Records from a dataset
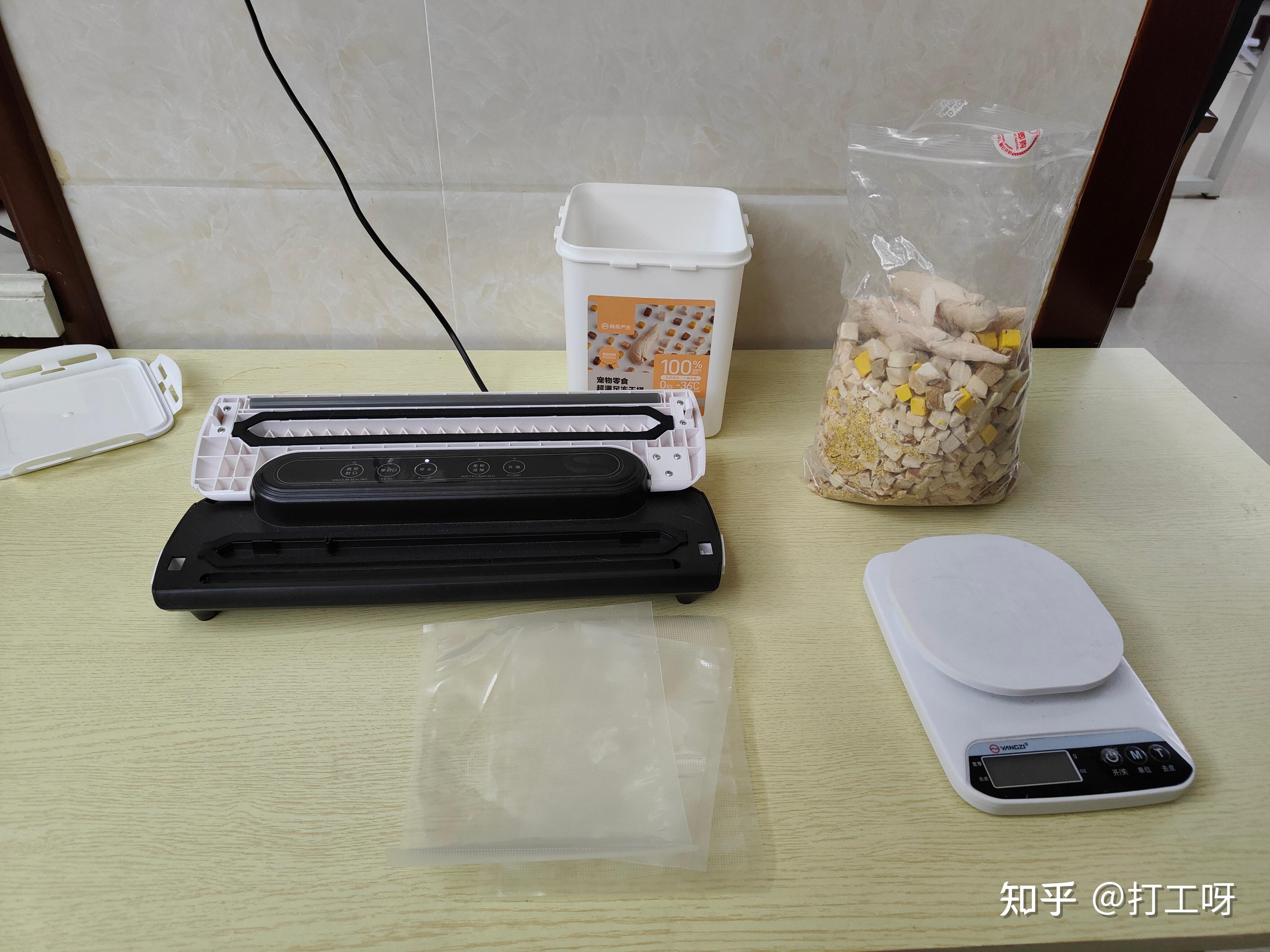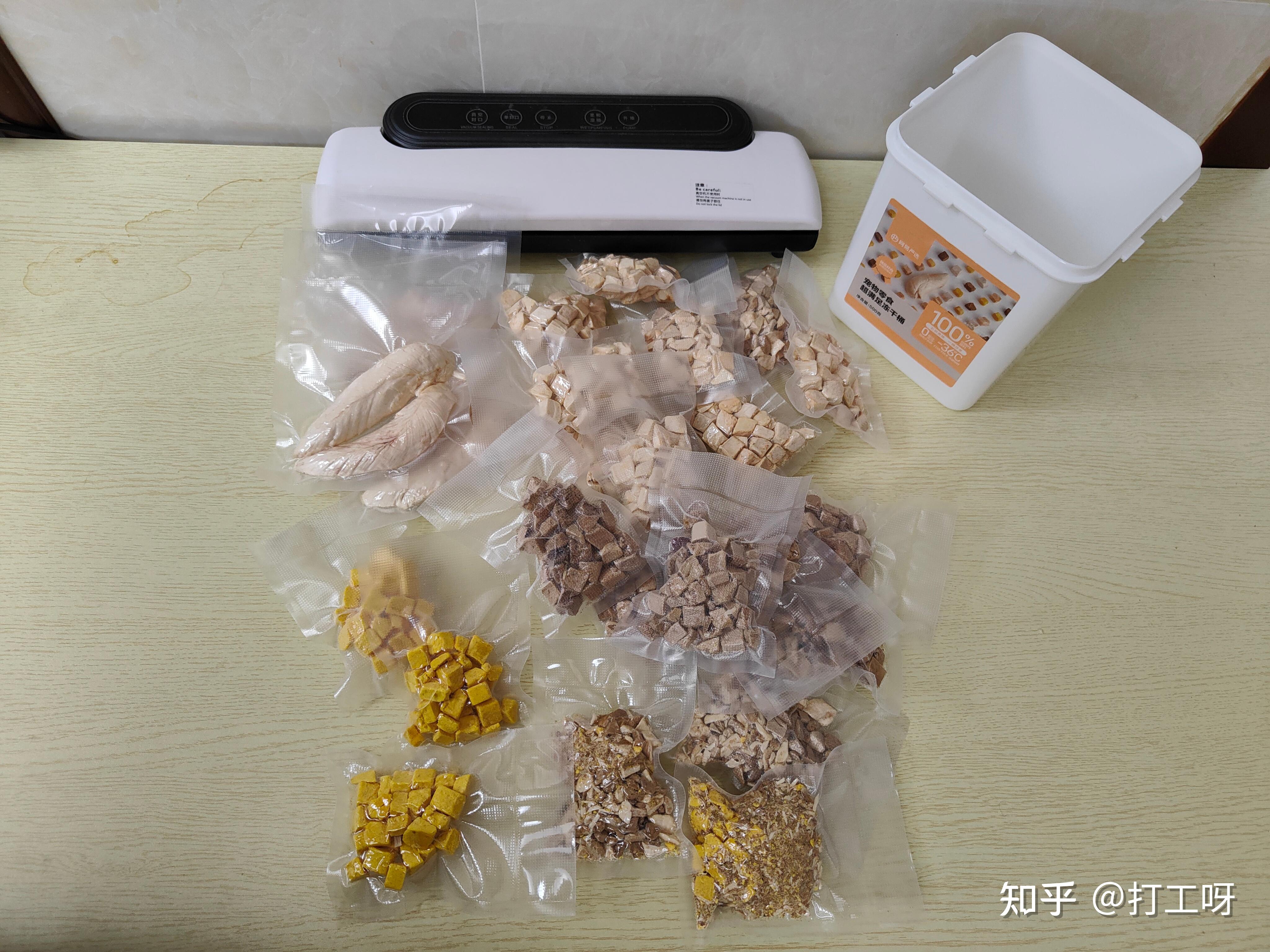 所以我买回来这个冻干桶后,确认肉的品质没有问题,就拿了小真空袋,用真空封装机把它们全部都真空分装了起来,来避免受潮问题。
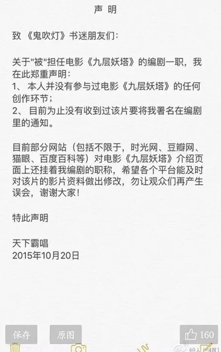 1.天下霸唱方否认担任《九层妖塔》编剧,称“忍很久”
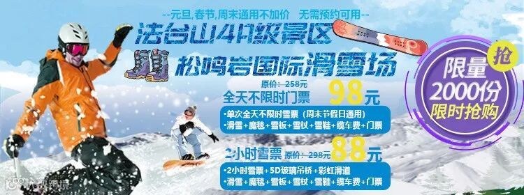 含:2小时滑雪+魔毯+雪具(雪板+雪杖+雪鞋)+缆车费+门票+5D玻璃吊桥+彩虹滑道
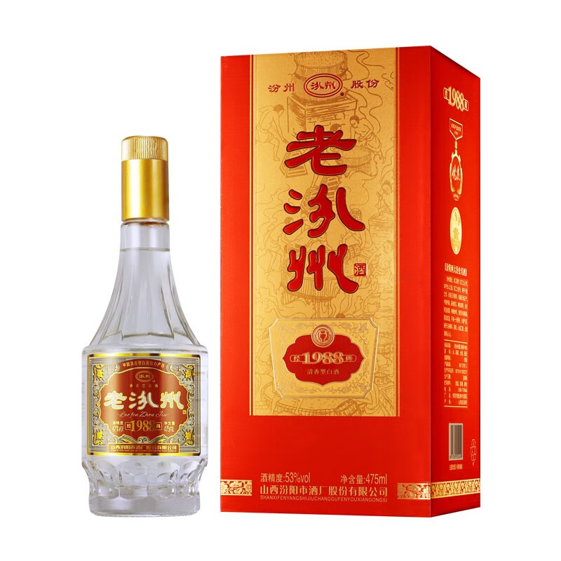 汾州山西白酒 老汾州酒经典1988 53度 清香型高度 礼盒装送礼佳品 475ml*6瓶 整箱
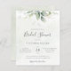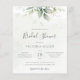 Beautiful bridal shower invitation featuring watercolor eucalyptus and gold leaves.
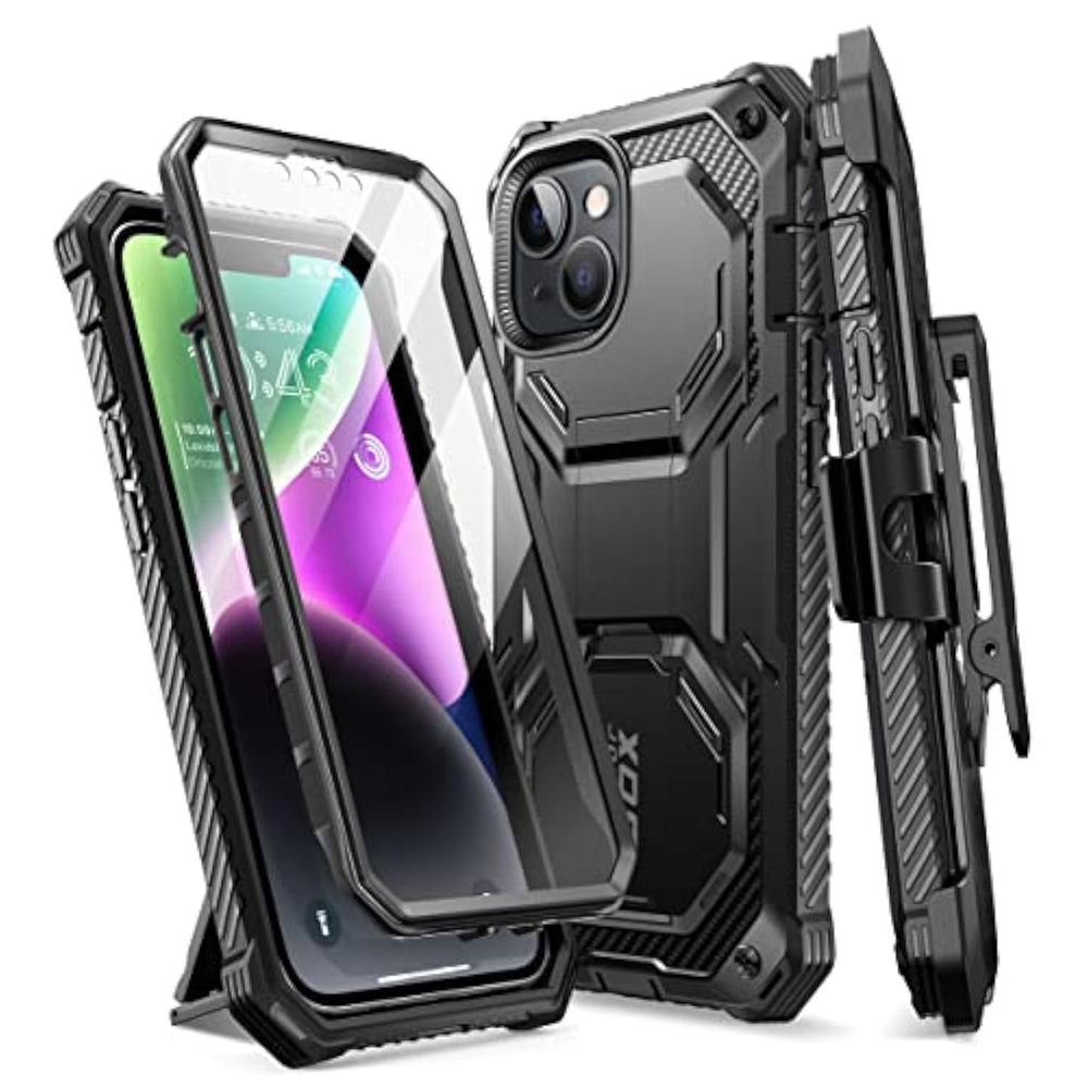 | Compatible with iPhone 14 6.1"(2022)/iPhone 13 6.1" (2021) Only. | | iPhone 14 case/iPhone 13 Case with built-in screen protector prevent your phone from scratches and cracks, and hard back case with built-in kickstand allows for hands-free multi-angle viewing. | | Hard back case clips into a side mount detachable belt clip swivel holster for carrying convenience during work, travel or play. | | Elevated bezels on iPhone 14 case/iPhone 13 case keep your touchscreen and camera lens free from damaging surfaces. | | Precise cut and design allow easy access to all ports, sensors, speakers, cameras and all iPhone 14/iPhone 13 features. | |

Aim of the exercise:
This exercise asks for an exact copy of the lines from the first one in the data through the line that contains "Beautiful bridal shower", pictures excluded.

Written solution:
 所以我买回来这个冻干桶后,确认肉的品质没有问题,就拿了小真空袋,用真空封装机把它们全部都真空分装了起来,来避免受潮问题。
 1.天下霸唱方否认担任《九层妖塔》编剧,称“忍很久”
 含:2小时滑雪+魔毯+雪具(雪板+雪杖+雪鞋)+缆车费+门票+5D玻璃吊桥+彩虹滑道
 汾州山西白酒 老汾州酒经典1988 53度 清香型高度 礼盒装送礼佳品 475ml*6瓶 整箱
 Beautiful bridal shower invitation featuring watercolor eucalyptus and gold leaves.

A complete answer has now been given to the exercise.